Ощупыванием можно определить в полости таза инфильтраты, за теки, натечные абсцессы. Располагаются они в подвздошной области, где их и следует искать. Инфильтраты и затеки наблюдаются при остеомиелите тазовых костей (гематогенном, огнестрельном), при остром коксите, вовлекающем в гнойный процесс вертлужную впадину (ацетабулит); натечные абсцессы спускаются в подвздошную область при туберкулезном поражении поясничных позвонков, реже при другой локализации туберкулеза. Исследование проводят в положении больного лежа на спине. Ноги больного слегка сгибают в тазобедренных суставах, благодаря чему расслабляются мышцы живота, через которые приходится ощупывать. Врач устанавливает свою руку отвесно к поверхности тела больного и медленно погружает пальцы ощупывающей руки в глубь таза, одновременно смещая их по направлению к гребню подвздошной кости. При отсутствии инфильтрата, затека или натечного абсцесса пальцы врача упираются во внутреннюю поверхность крыла подвздошной кости. Если же в полости таза имеется инфильтрат или абсцесс, то между исследующими пальцами и внутренней поверхностью крыла подвздошной кости обнаруживается более или менее плотное образование, выполняющее подвздошную ямку. Установив после этого кисть руки ребром книзу и ощупывая локтевом ее краем, определяют границу абсцесса, обращенную к полости живота (рис. 232).

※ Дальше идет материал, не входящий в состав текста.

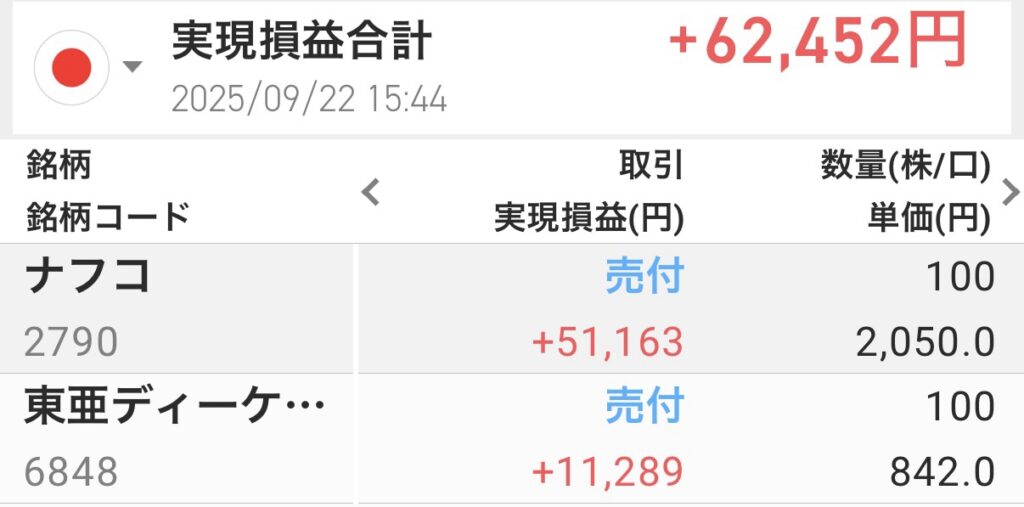 今日は、2銘柄の一部を利確しました。

Ректальное исследование таза может оказаться очень ценным, особенно в случаях перелома дна вертлужной впадины с центральным вывихом головки бедренной кости, а также поперечного перелома крестца и копчика. В случаях центрального вывиха бедра со значительным смещением головки бедра в полость таза можно иногда прощупать ее через прямую кишку. При запирательном вывихе головка. бедренной кости per rectum не прощупывается (вопреки имеющимся в ряде руководств утверждениям о возможности обнаружить ее этим методом). Об изменениях в полости малого таза при воспалительных процессах и при опухолях в области таза и крестцово-подвздошного сочленения было сказано раньше.

Нарушение функции при повреждениях таза. В тяжелых переломах тазового кольца (двойной вертикальный перелом) или вывихах-переломах в области лонного и подвздошного сегментов таза функция нижних конечностей значительно нарушается. Больной может лежать только на спине; лежание на боку становится невозможным из-за сильных болей в области повреждения. В лучшем случае можно предложить больному согнуть ногу в суставах; он делает это очень медленно, волоча пятку по постели и поддерживая руками бедро. Переломы таза, особенно комбинированный перелом лонных костей» часто осложняются повреждением мочевого пузыря или мочеиспускательного канала. Поэтому при двойном переломе лонного сегмента таза необходимо при первом же исследовании больного исключить указанное осложнение.

Измерения таза в ортопедической практике применяются при комбинированных переломах таза с нарушением тазового кольца и смещением выломанной части таза. Опознавательными точками, от которых следует производить измерения, являются: спереди — мечевидный отросток и передние верхние ости подвздошных костей, сзади — остистый отросток одного из позвонков и задние верхние ости подвздошных костей (см. рис. 69).

Большое практическое значение для диагноза повреждений и заболеваний таза имеет рентгенография.